● **Data shown**:
+++++

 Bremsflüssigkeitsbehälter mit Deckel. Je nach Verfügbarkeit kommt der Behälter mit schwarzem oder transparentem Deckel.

+++++

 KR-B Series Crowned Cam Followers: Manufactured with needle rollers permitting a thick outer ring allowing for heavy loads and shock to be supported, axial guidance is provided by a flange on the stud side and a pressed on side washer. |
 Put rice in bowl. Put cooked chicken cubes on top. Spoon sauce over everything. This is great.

+++++

Give again, word for word, every line of the listing above from the one with "KR-B Series Crowned" to the one with "Put rice in", both inclusive, and nothing beyond them.

 KR-B Series Crowned Cam Followers: Manufactured with needle rollers permitting a thick outer ring allowing for heavy loads and shock to be supported, axial guidance is provided by a flange on the stud side and a pressed on side washer. |
 Put rice in bowl. Put cooked chicken cubes on top. Spoon sauce over everything. This is great.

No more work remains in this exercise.